Everything seems to match up alright, This might be a dumb question but there seems to be a small file size difference does this matter at all?
This seems to have worked, I tried to install the 83GB one anyway like you said and it failed but then when I searched again it was not found anymore.
Correct me if I'm wrong but isn't Enterprise up to 2004 update not 1809? I had a look at the iso download and noticed there all 1809. I haven't been keeping up to date with all this new fangled upgrading and updating stuff but I thought seeing I'm going Zen 3 in a few weeks I should move from the 2016 LTSB version I'm currently running.

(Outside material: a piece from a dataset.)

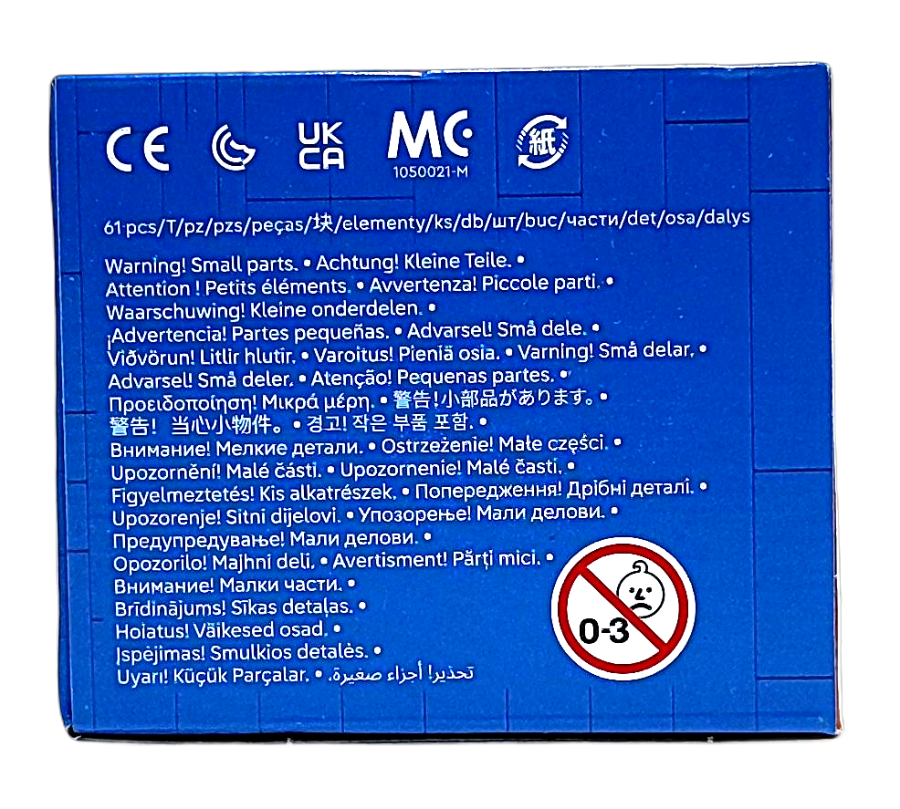 - Zawiera małe elementy, które mogą zostać połknięte. Ryzyko zadławienia, uduszenia.

Thought it'd be as easy as grabbing the latest iso and installing like I normally do but after looking around is that not how it works now?
Enterprise and server 2019 LTSC are of the 1809 (17763.xxxx) family. It's not really working correctly with zen cpus, afaik, that's fixed in 1903 and up. LTSB > LTSC can be done by ISO. LTSB/C > normal Enterprise too.

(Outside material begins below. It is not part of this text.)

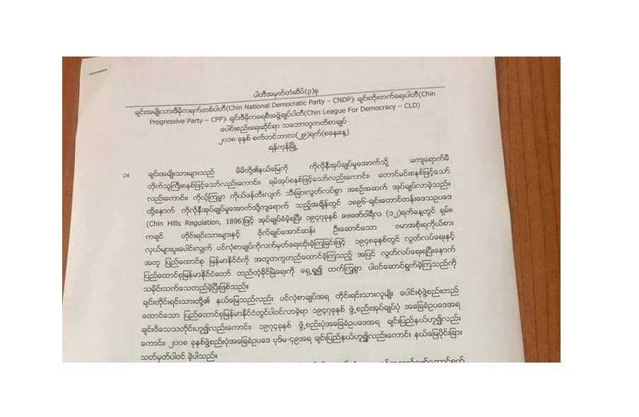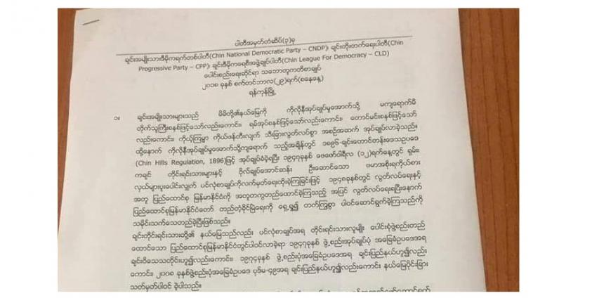 ချင်းအမျိုးသားပါတီ(၃)ခု ပေါင်းစည်းရေးဆိုင်ရာ သဘောတူစာချုပ် စက်တင်ဘာ ၂၉ရက်နေ့တွင် ရေးထိုးမည်

Ok so with these older 1809 iso's do we have to inject the updates or can we actually get more up to date iso's for Enterprise? Sorry I'm use to just getting the latest untouched iso, installing it, cracking and done. I've looked around and cant find anything aside from the eval iso's which are useless to me.

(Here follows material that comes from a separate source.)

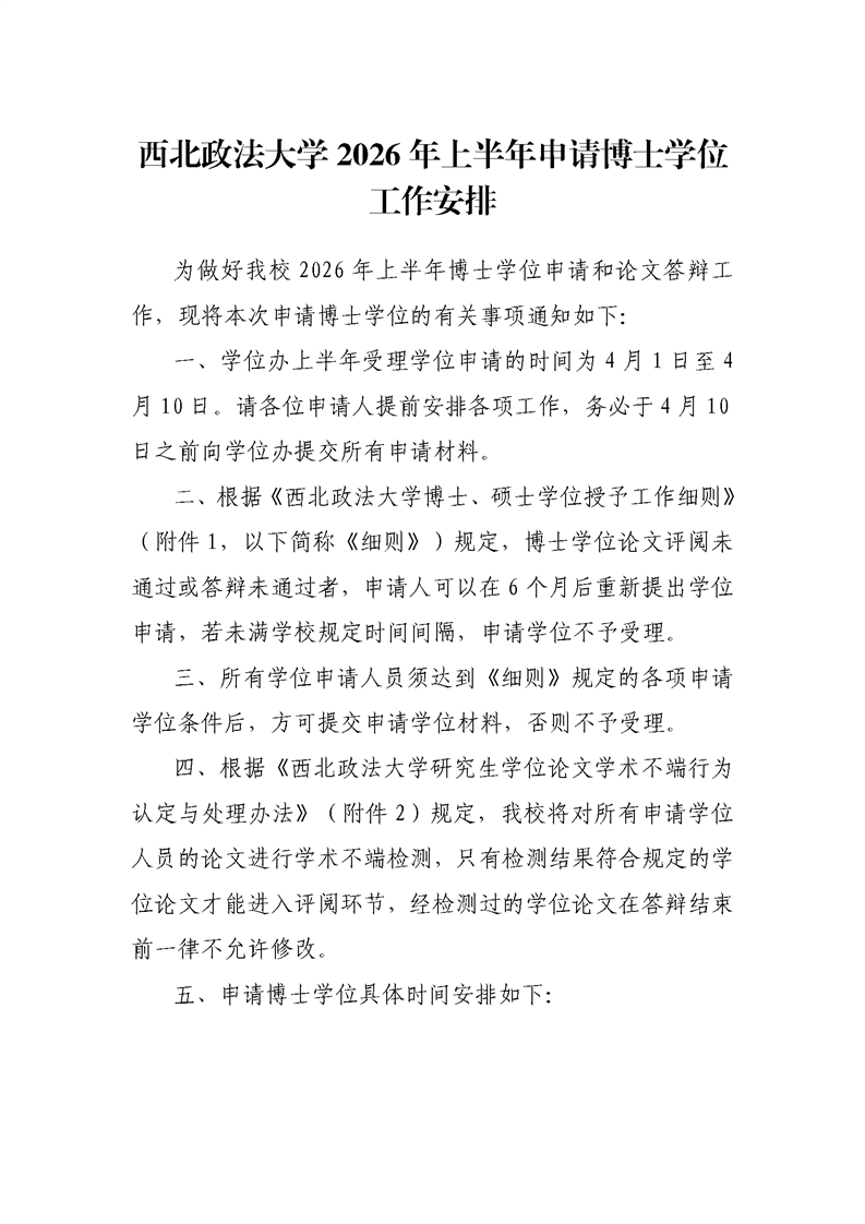 下一篇:西北政法大学2026年上半年申请硕士学位工作安排

All available and officially released Enterprise 2019 LTSC ISOs and info can be found here, the latest is 17763.316:
Switched from LTSB to LTSC recently, fresh install using KMSPico to activate (as I had done for last couple of years on LTSB) I'm curious if MS has such protection to shutdown the machine if it sees it as non-genuine? Maybe the software protection service? The pc has been shutting down for the last two days just randomly, in the event logs I see the shutdown requests and all of them are apparently issued by the user - which isn't me pressing a button. I know it is not thermals, checked the various monitors, but I am also thinking maybe psu is finally giving out after a fair few years (10+) because on some occasions the pc will try and restart despite the bios settings being such that in power events it just stays off. Maybe psu is surging or something which causes the system to try and start on its own, all I see for the voltages is the cache voltage not registering correctly sometimes.
If you know how to bridge the psu(run it completely unplugged from the motherboard/components), grab a multimeter and start poking at the 12, 5 and 3.3 volt rails. If you see voltages that are drastically different than what the rail should be sustaining, you have your answer. To my knowledge, no, windows doesn't shut itself down just because it knows it's not genuine or you've used 3rd party soft to activate.
Yeah, know how-to but no multimeter :/ But if Windows doesn't do this then tends to point the finger to the psu, as said it is old and has served well but looks like may have finally given up. Ta muchly
Cheers, did similar with Aida64 just to see what was what. I think it is the psu due to the behaviour and the issues seen with the cache voltage so I'll grab a new one and see how it goes. I have couple of laptops with same ltsc build and they are fine, so more pointing to the psu being on the last legs.
This is a bad unreliable way of "testing" your PSU. Any old and or bad PSU is usually able to get good voltages on the rails in that situation. What is far more important and the actual reason for instability is the question if the PSU can maintain good voltages when the voltage rails are under load. Bridging the PSU means zero load and so those measurements don't really mean anything.